Analysis and Functional Relevance of the Chaperone TRAP-1 Interactome in the Metabolic Regulation and Mitochondrial Integrity of Cancer Cells

Overview

Journal Sci Rep

Specialty Science

Date 2023 May 10

PMID 37165028

Authors

Shrikant Purushottam Dharaskar

Khanderao Paithankar

Sreedhar Amere Subbarao

Affiliations

Soon will be listed here.

Abstract

The 90 kDa heat shock protein, Hsp90, functions as a cancer chaperone contributing to tumor proliferation.
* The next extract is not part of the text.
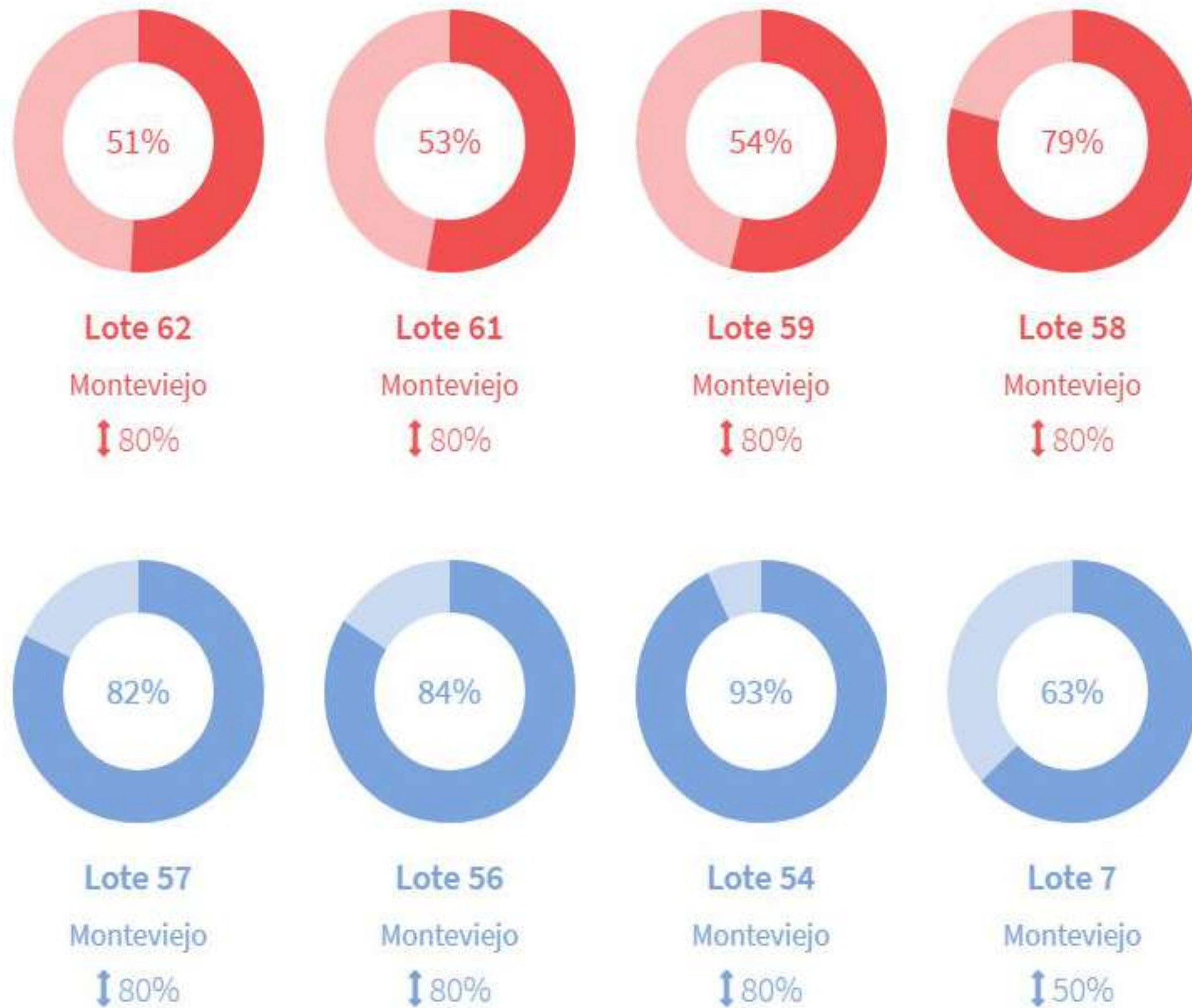
Porcentaje de Agua Útil por Lote
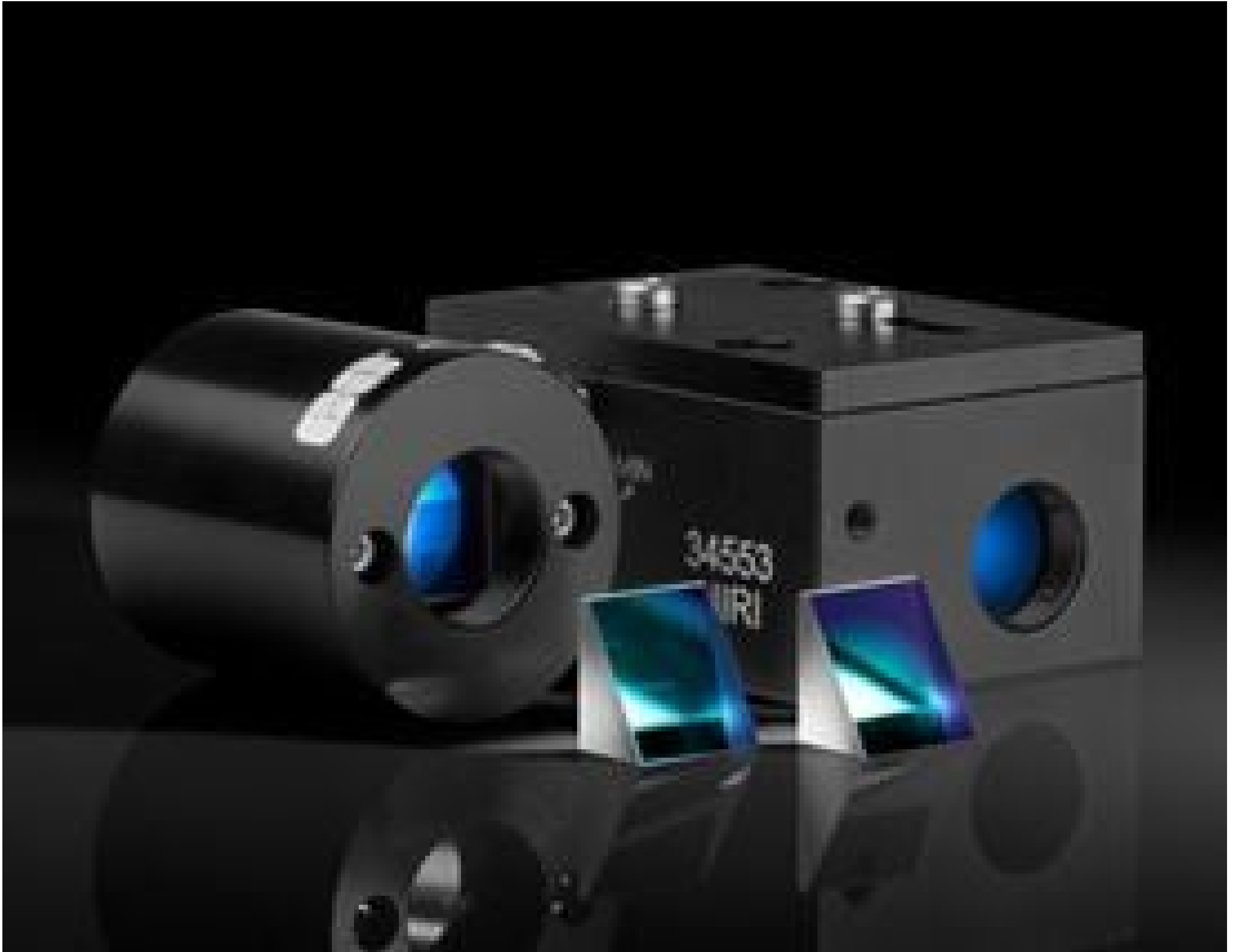
TECHSPEC Mounted and Unmounted Anamorphic Prism Pairs

We have encountered the mitochondrial homolog of Hsp90, the TRAP-1, regulating mitochondrial dynamics, metabolism, and tumor metastasis. Although Hsp90 is associated with a broad network of proteins regulating various cellular processes, TRAP-1-mediated cellular networks are unclear. Therefore, using TRAP-1 knockdown (KD) and overexpression (OE) systems, we compared their quantitative transcriptome (RNA Sequencing) and proteomic (LC-MS/MS) patterns to obtain molecular signatures that are altered in response to TRAP-1 KD or OE. We report TRAP-1 modulating vital metabolic pathways such as the tricarboxylic acid cycle, oxidative phosphorylation, electron transport chain, glycolysis, and gluconeogenesis. In addition, TRAP-1 facilitated the pentose phosphate pathway to shunt carbons back to glycolysis or gluconeogenesis, a much-solicited tumor response. Subsequently, we examined the TRAP-1 interactome using the tandem affinity purification system and identified 255 unique proteins. These diverse proteins appear to regulate several cellular processes, including energy metabolism, suggesting that TRAP-1, in addition to metabolic rewiring, maintains mitochondrial integrity. Our study exposes the unknown functions of TRAP-1 in cancer cells. Systematic evaluation of TRAP-1 interactors may uncover novel regulatory mechanisms in disease aggression. Since metabolic inhibitors are emerging as potential anticancer agents, our study gains importance.

Citing Articles

Advances in the structures, mechanisms and targeting of molecular chaperones.

Gu J, He Y, He C, Zhang Q, Huang Q, Bai S Signal Transduct Target Ther. 2025; 10(1):84.

PMID: 40069202 PMC: 11897415. DOI: 10.1038/s41392-025-02166-2.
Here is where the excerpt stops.